We've acquired thousand acres of land, burial grounds, maple sugar groves, sundance grounds. That's what we've recovered. And we work on language restoration. Anishinaabemowin is one of four languages not predicted to be extinct by the year 2050. We are trying to recover it in our own reservation.
Our struggle is indicative of the struggle of Native women throughout the continent and throughout the hemisphere and throughout the world. And as we embark on the decade of Indigenous peoples, which begins in 1995, I challenge you to embrace this struggle and understand the implications for North America and the strength of cultural diversity, as well as biological diversity.
What the strength of listening to people talk in their own language in the state of Minnesota would do for the state of Minnesota? That that cultural diversity is as beautiful as biological diversity. I challenge you to bring education about Native people in a meaningful way into the school systems of Minnesota.
Do what the state of Wisconsin has. Bring native people, native languages, native history from our perspective, native astronomy, native medicine, into these school systems. We are not just an arts and crafts class. We have every discipline in our Indigenous intellectual thought.
I encourage you to support the return of state and federal land inside reservations to our people, recognize and support that.
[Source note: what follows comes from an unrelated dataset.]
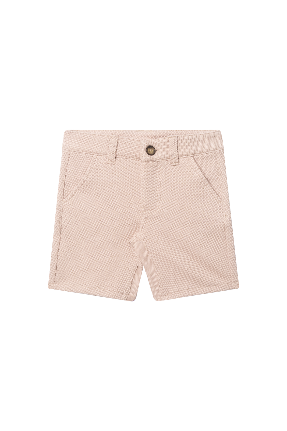 This beige boys’ short is a versatile summer essential. It features a classic button closure, side pockets, and belt loops at the waist. The neutral shade makes it easy to combine with both colorful T-shirts and smart shirts for festive occasions.

I encourage you to look at the moral and ethical and long term issues like that of Prairie Island. Dumping nuclear waste on an island in the Mississippi doesn't make sense with natural law. It doesn't.
I think that we are smarter than that, and we should be looking out for the next seven generations from now. I think that, as the people who pay the bill for power in the state of Minnesota, we should demand that NSP look at alternative energy now and begin a project of disembarking from its nuclear and coal program, and embarking on an alternative energy project, an alternative energy program.
Cutting our consumption, beginning conservation, but look at jobs. They say jobs will be lost, but I'll tell you that there's 10 times as many jobs in renewable energy as there are in the capital intensive jobs in nuclear energy and coal-fired energy.
And finally, looking at issues of consumption and human rights. Remember what we consume in this country is too much. We consume a third of the world's resources in this country. And what that means is that requires a constant intervention into other people's lands and other people's territories to get those resources.
I challenge you to look at that over the long term, to figure out how to live more simply and remember that quality of life, quality of life should not be attached to income. It should be attached to clean water, clean air, status of women, status of children, quality of intellectual thought, quality of culture. Those I believe are indicators, not always associated with money.
And finally, I challenge you to work with other women around the world to bring this society back in order with natural law, and to, in that process, regain the rightful status of women on this Earth.